The platform is organised around answering that one question honestly. The engineering effort that I'm proudest of, and that I think is most transferable to any quantitative system under selection pressure, is the layer between "the backtest looked great" and "the live trade actually made money." Below is what's in that layer, and why each piece is there.
The financial trust layer
Trustworthy expected profit and loss (P&L) has three preconditions, and each one has to be independently honest: a selection-bias-aware estimate of edge, calibrated uncertainty around that estimate, and a persistent record that holds those estimates accountable to what later actually happened.
Deflated Sharpe Ratio with an explicit trial count
Bailey & López de Prado (2014). A raw Sharpe ratio is a strongly upward-biased
statistic when you've tried many strategies on many tickers and reported the
best, because selection bias swamps any actual edge. The Deflated Sharpe Ratio (DSR)

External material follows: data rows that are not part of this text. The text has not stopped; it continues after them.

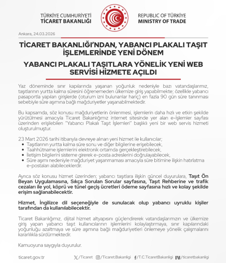Bu çerçevede, belirtilen hususlar dikkate alınarak Ticaret Bakanlığımızın internet sitesinde yer alan “E-HİZMETLER > e-işlemler” sayfasından erişilebilen “Yabancı Plakalı Taşıt İşlemleri” başlıklı yeni bir web servis hizmeti (Erişim linki: https://ypti.ticaret.gov.tr) oluşturulmuş olup, sözkonusu hizmet 23.03.2026 tarihi itibarıyla devreye alınmıştır.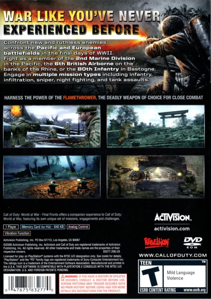 Developed exclusively for the PlayStation 2 computer entertainment system, this game offers a companion experience to Call of Duty: World at War, featuring its own unique set of missions, engagements and challenges that are set within the Pacific and European campaigns through many of the pivotal battles that led to the end of the world's greatest war.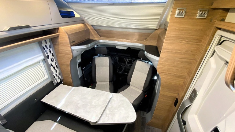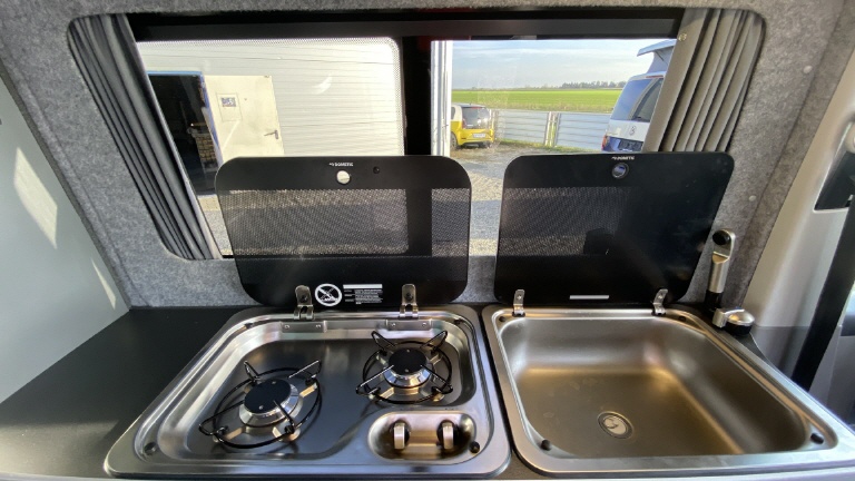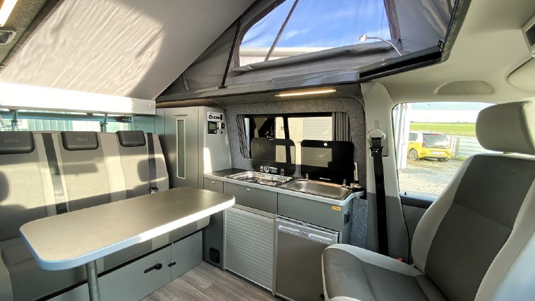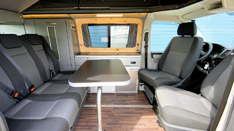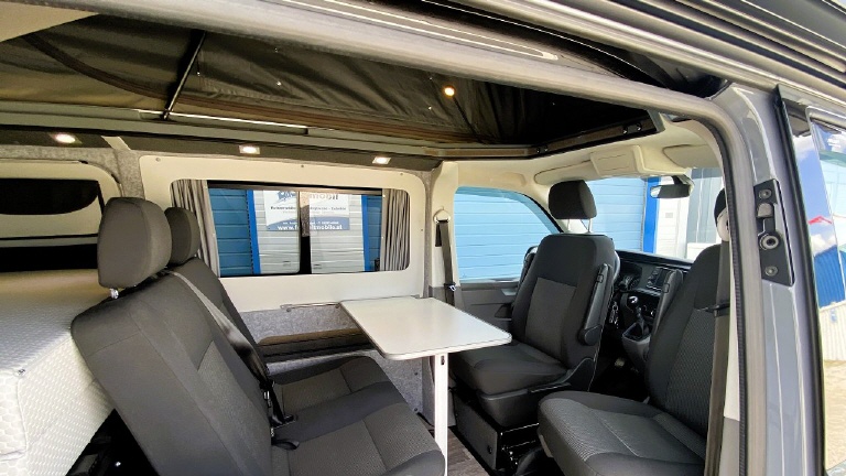 Und er ist ein echter Campingbus. 4 Schlafplätze, 5 Sitzplätze, 12V und 230V Stromversorgung, Kühlbox und Gaskocher, Gas Wohnraum- und Standheizung, viel Stauraum rundum und Platz für 4 Personen am Tisch.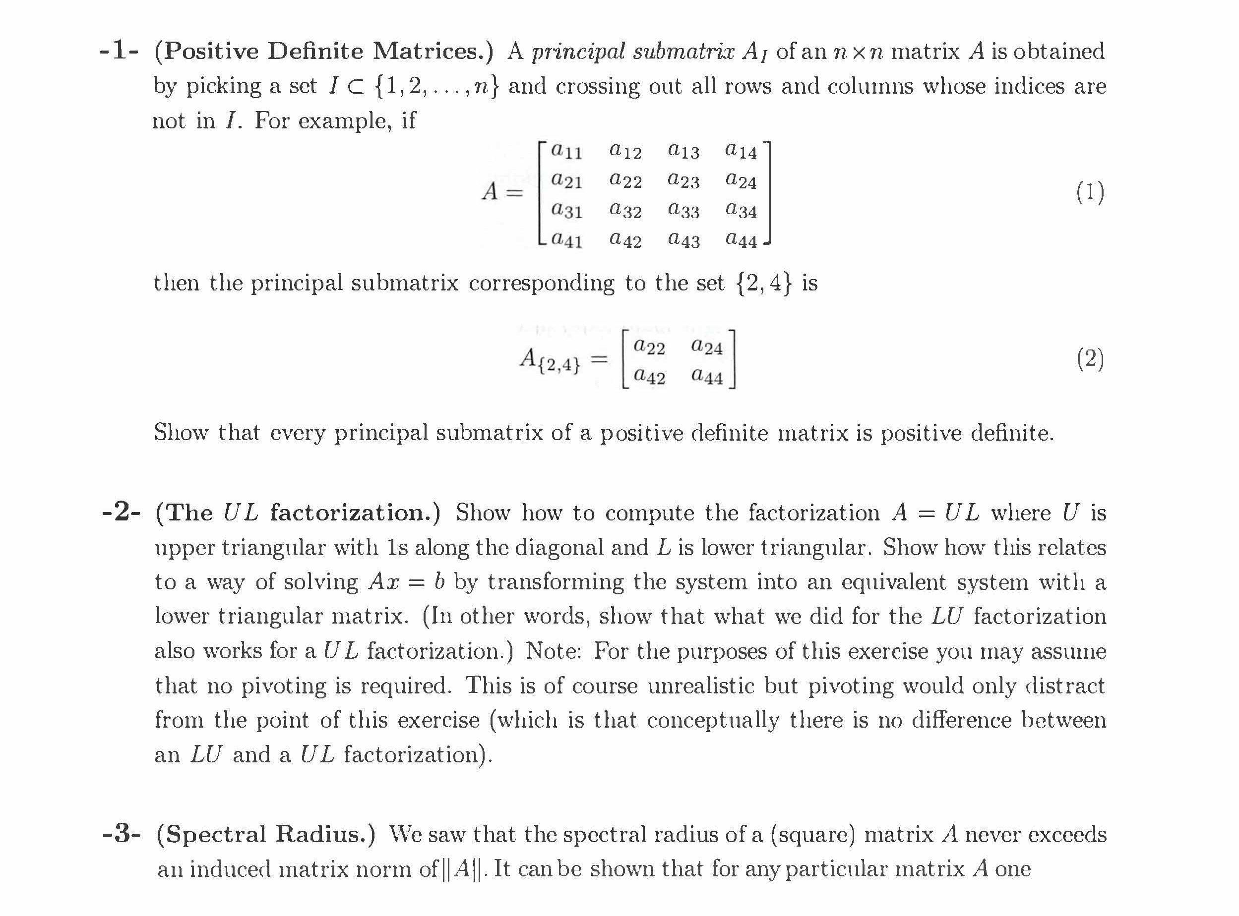 -1- (Positive Definite Matrices.) A principal submatrix A1 of an nx...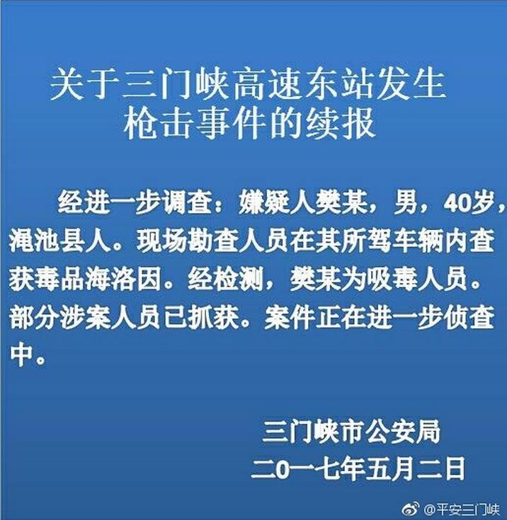 关于三门峡高速东站发生枪击事件的续报

applies the expected maximum of N independent trials drawn from a
null distribution as a penalty, scaled by the higher-order moments (skew, excess
kurtosis) of the return distribution. Thoth passes the trial count to the
statistic explicitly: every scanner row is one (ticker, strategy) trial,
so a 350-ticker × 13-strategy scan has N = 4,550 trials, and that
number is what the deflation is calibrated to. The scanner ranks by DSR, not raw
Sharpe. A p-value comes out of the same calculation; results above a configurable
threshold can be filtered out before ranking, so a one-trade 100% win-rate fluke
doesn't lap the board. A unit test pins the behaviour: a 0.5 Sharpe that clears the bar
as a single hypothesis fails it once it is the best of 2,500 trials, while a genuine
4.0 Sharpe survives.
Stationary block bootstrap CIs and Monte-Carlo trade-order shuffle
Point estimates lie about themselves. Every metric the scanner reports (Sharpe, Sortino, win-rate, max drawdown) is accompanied by bootstrap confidence intervals (CIs) from a stationary block bootstrap on the trade-return series. Blocks preserve any short-horizon autocorrelation that a simple independent and identically distributed (IID) bootstrap would destroy. The scanner uses the lower bound of the Sharpe CI as its actionable column, not the point estimate. Separately, a Monte-Carlo trade-order shuffle resamples the order of wins and losses to separate "this strategy has edge" from "this strategy got lucky with the timing of its wins," reported as P5/P50/P95 drawdown and terminal return.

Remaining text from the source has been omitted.